» **WORK TO COMPLETE**
Once you find the line below that has "w/ Swirl Sha", output it and every line after it exactly, stopping after the line that has "问题在2024年爆发,由于吉", with no pictures.

» **DATA**
<<<<
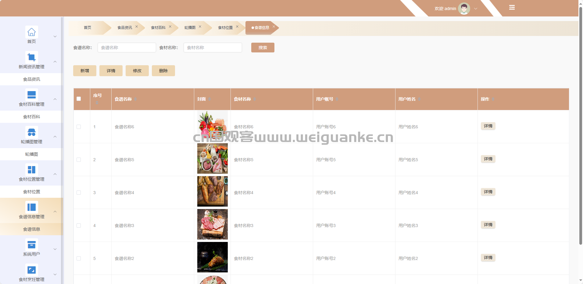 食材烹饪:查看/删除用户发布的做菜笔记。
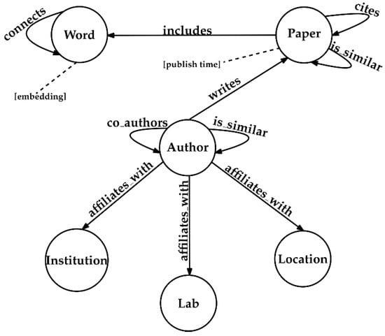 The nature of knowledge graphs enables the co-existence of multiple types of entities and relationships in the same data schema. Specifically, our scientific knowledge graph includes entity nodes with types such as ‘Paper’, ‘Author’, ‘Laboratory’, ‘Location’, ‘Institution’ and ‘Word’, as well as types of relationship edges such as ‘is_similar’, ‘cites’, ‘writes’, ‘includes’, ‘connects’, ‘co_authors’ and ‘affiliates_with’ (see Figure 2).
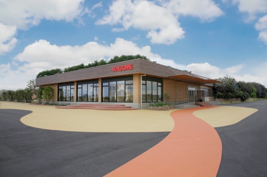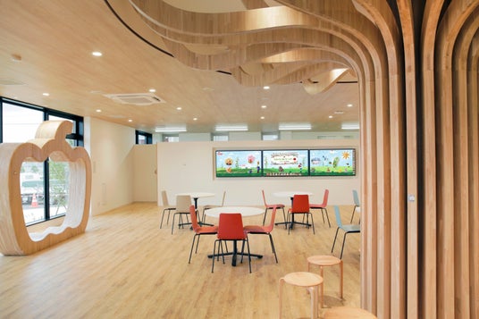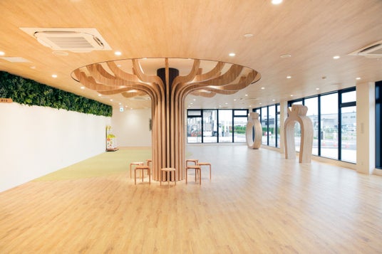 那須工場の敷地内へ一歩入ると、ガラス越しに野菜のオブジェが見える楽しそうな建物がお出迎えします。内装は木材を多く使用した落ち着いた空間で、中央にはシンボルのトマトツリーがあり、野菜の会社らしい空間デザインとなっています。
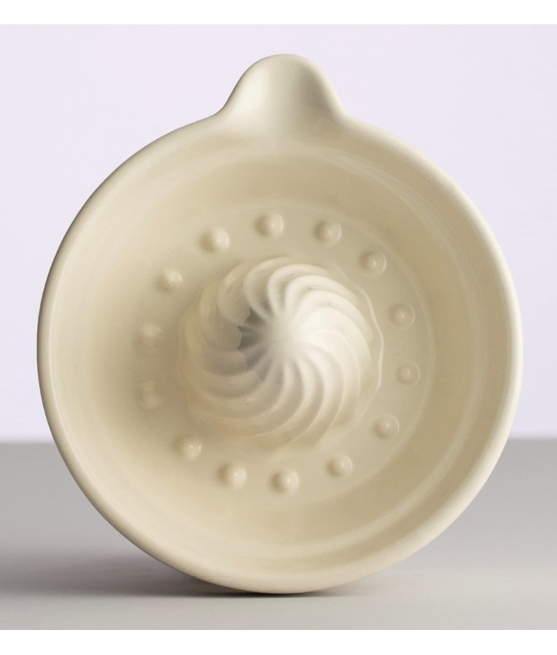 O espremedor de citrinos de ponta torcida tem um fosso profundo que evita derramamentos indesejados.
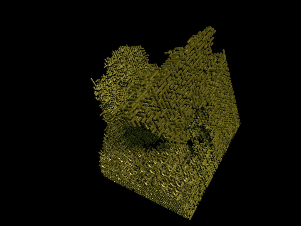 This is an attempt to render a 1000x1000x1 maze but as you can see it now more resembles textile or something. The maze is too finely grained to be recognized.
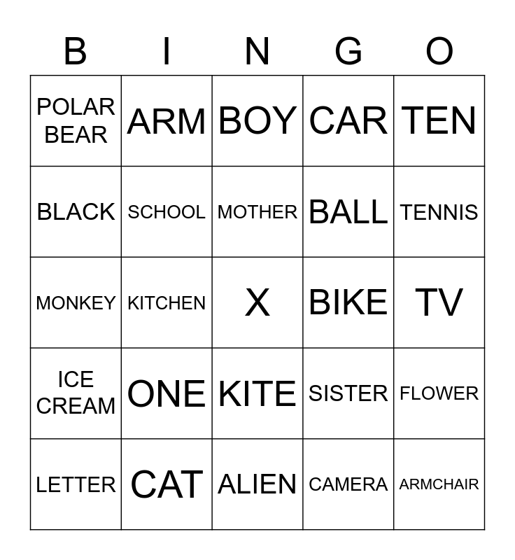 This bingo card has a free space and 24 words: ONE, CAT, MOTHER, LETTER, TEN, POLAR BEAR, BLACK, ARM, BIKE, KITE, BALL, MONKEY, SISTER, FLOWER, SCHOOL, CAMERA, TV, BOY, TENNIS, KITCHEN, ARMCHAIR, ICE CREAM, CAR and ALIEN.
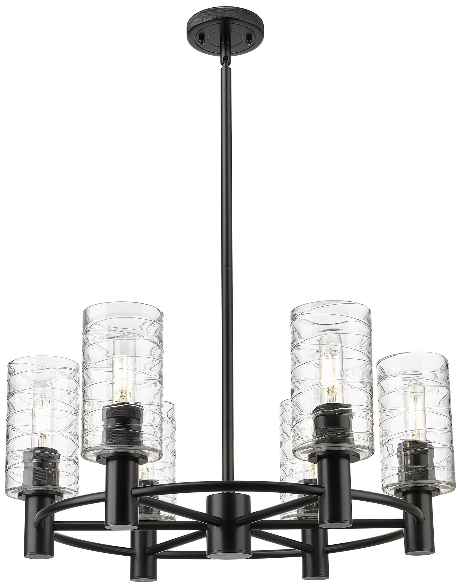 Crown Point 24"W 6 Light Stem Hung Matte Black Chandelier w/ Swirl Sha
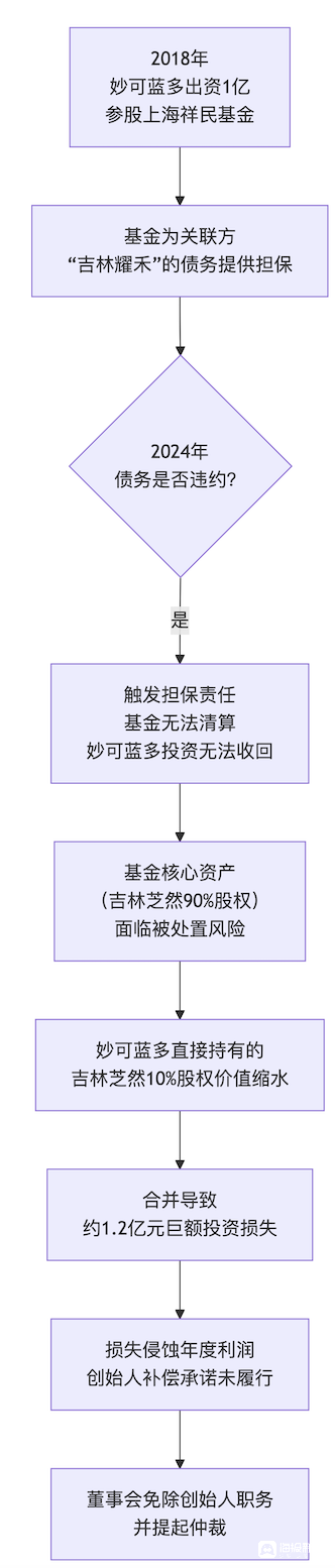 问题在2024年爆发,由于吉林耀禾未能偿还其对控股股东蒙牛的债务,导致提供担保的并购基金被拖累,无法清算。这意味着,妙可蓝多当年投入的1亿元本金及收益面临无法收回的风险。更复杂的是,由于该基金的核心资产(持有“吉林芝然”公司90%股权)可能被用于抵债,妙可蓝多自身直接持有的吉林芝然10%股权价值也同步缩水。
>>>>
<<<<
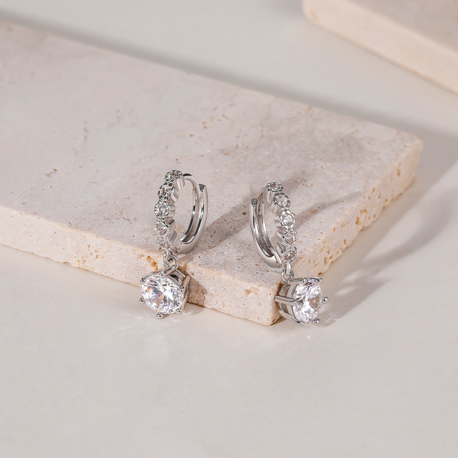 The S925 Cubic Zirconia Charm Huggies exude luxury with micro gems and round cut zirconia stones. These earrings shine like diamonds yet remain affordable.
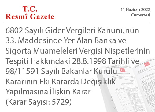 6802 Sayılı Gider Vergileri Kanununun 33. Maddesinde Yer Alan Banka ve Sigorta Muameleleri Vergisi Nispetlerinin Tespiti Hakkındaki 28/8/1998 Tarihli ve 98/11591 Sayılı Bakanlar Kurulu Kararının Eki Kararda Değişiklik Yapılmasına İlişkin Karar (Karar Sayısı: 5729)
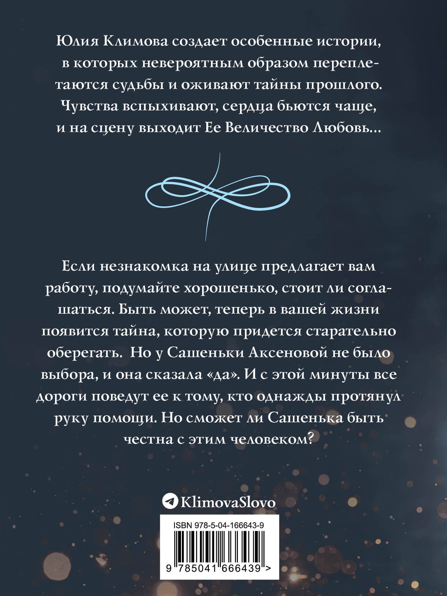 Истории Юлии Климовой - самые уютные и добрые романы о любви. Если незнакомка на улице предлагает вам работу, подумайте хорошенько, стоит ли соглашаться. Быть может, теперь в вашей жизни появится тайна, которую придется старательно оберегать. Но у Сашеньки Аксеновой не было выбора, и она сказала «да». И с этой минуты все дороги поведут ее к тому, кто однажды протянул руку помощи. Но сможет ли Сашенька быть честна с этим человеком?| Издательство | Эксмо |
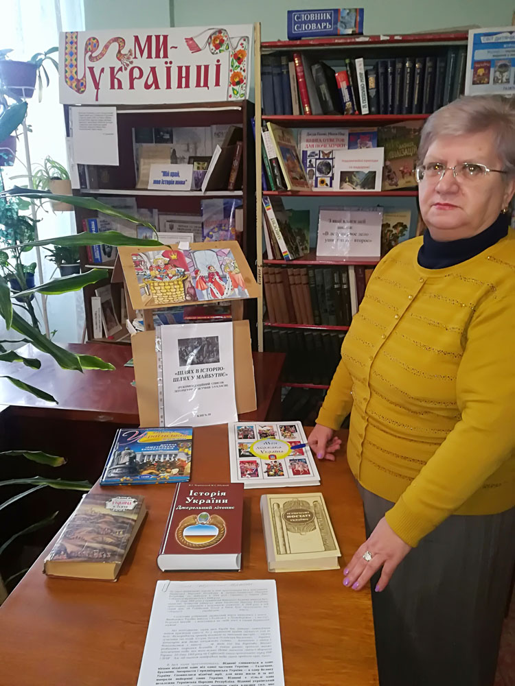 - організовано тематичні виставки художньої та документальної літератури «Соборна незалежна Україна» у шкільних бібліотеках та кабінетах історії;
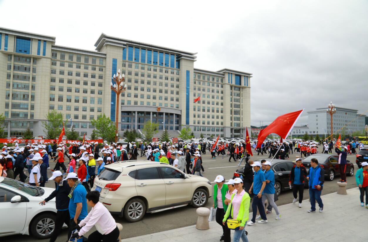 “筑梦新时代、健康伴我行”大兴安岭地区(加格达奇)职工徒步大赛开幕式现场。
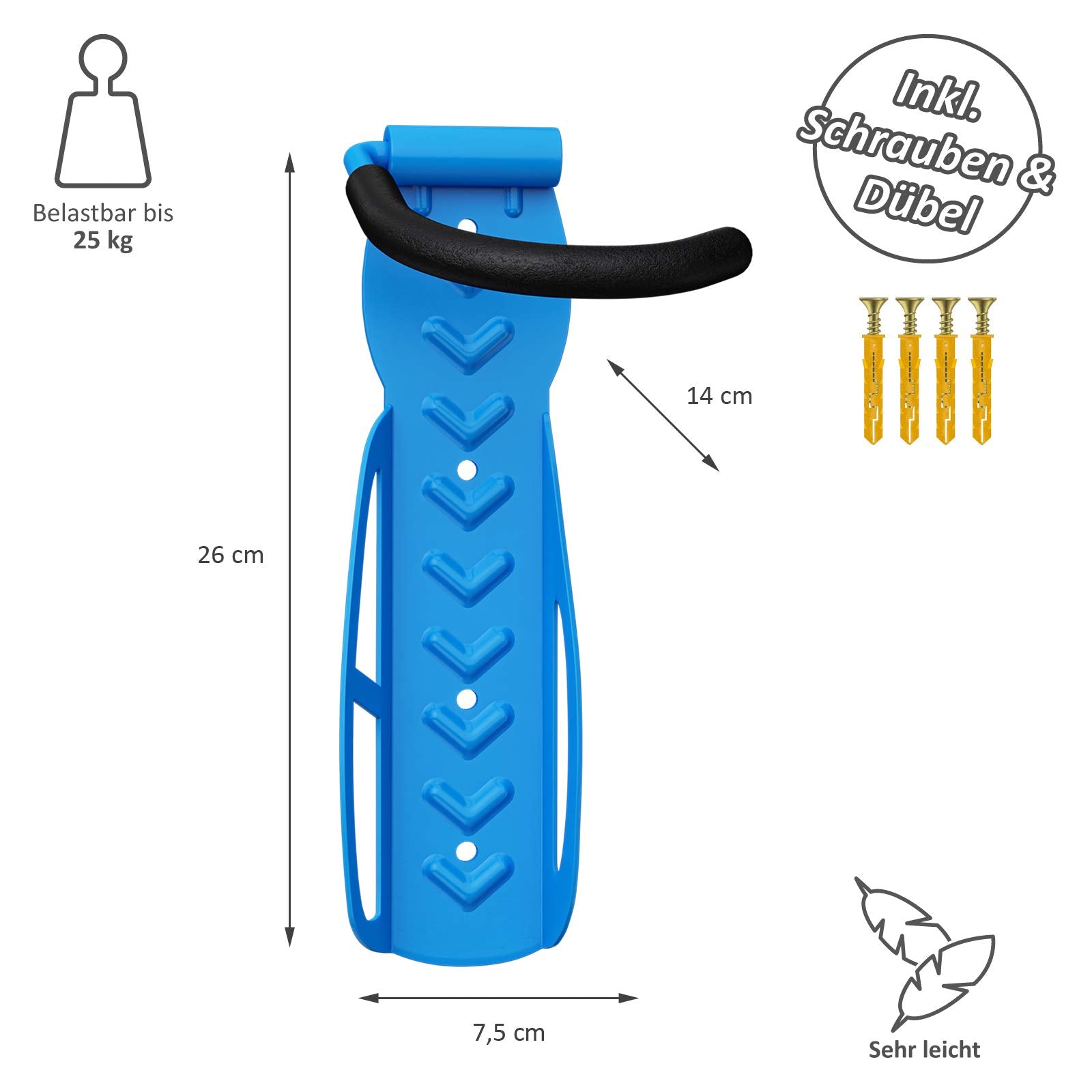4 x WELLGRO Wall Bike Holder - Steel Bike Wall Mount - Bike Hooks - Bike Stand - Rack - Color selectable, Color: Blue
>>>>
<<<<
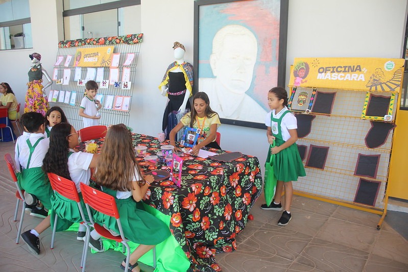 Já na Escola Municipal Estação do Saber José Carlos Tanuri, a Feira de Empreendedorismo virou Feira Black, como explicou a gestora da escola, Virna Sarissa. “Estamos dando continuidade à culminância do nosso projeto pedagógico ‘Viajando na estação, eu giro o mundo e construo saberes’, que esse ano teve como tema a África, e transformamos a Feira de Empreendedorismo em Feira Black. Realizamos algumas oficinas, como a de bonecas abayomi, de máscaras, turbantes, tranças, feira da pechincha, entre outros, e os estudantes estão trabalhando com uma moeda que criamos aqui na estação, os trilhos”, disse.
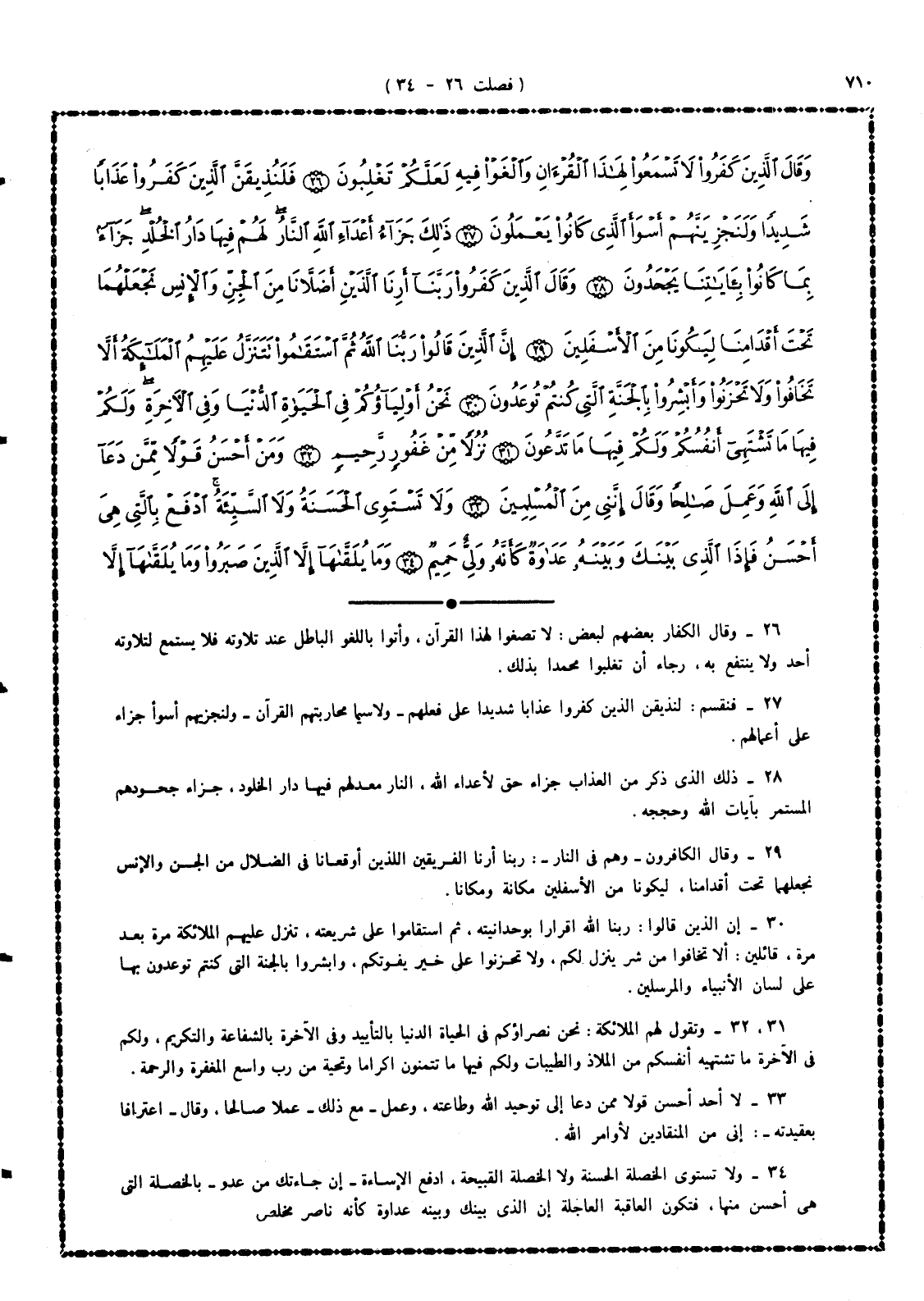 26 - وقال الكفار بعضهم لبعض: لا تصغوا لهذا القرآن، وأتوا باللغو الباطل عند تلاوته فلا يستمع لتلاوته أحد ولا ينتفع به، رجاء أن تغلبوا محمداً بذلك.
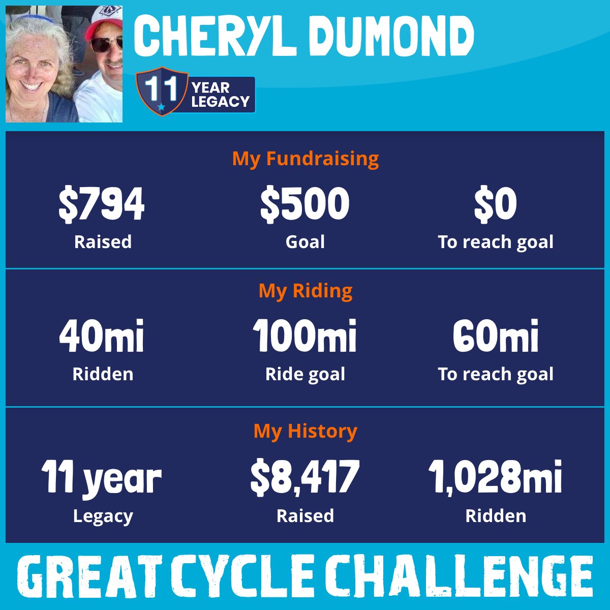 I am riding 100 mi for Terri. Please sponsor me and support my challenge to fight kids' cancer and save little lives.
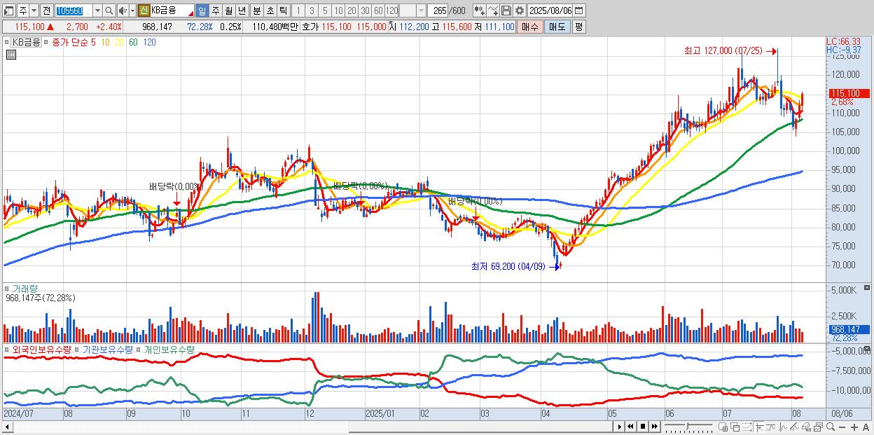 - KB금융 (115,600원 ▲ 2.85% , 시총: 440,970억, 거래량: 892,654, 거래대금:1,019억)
>>>>
» **RESULT OF THE TASK**
 Crown Point 24"W 6 Light Stem Hung Matte Black Chandelier w/ Swirl Sha
 问题在2024年爆发,由于吉林耀禾未能偿还其对控股股东蒙牛的债务,导致提供担保的并购基金被拖累,无法清算。这意味着,妙可蓝多当年投入的1亿元本金及收益面临无法收回的风险。更复杂的是,由于该基金的核心资产(持有“吉林芝然”公司90%股权)可能被用于抵债,妙可蓝多自身直接持有的吉林芝然10%股权价值也同步缩水。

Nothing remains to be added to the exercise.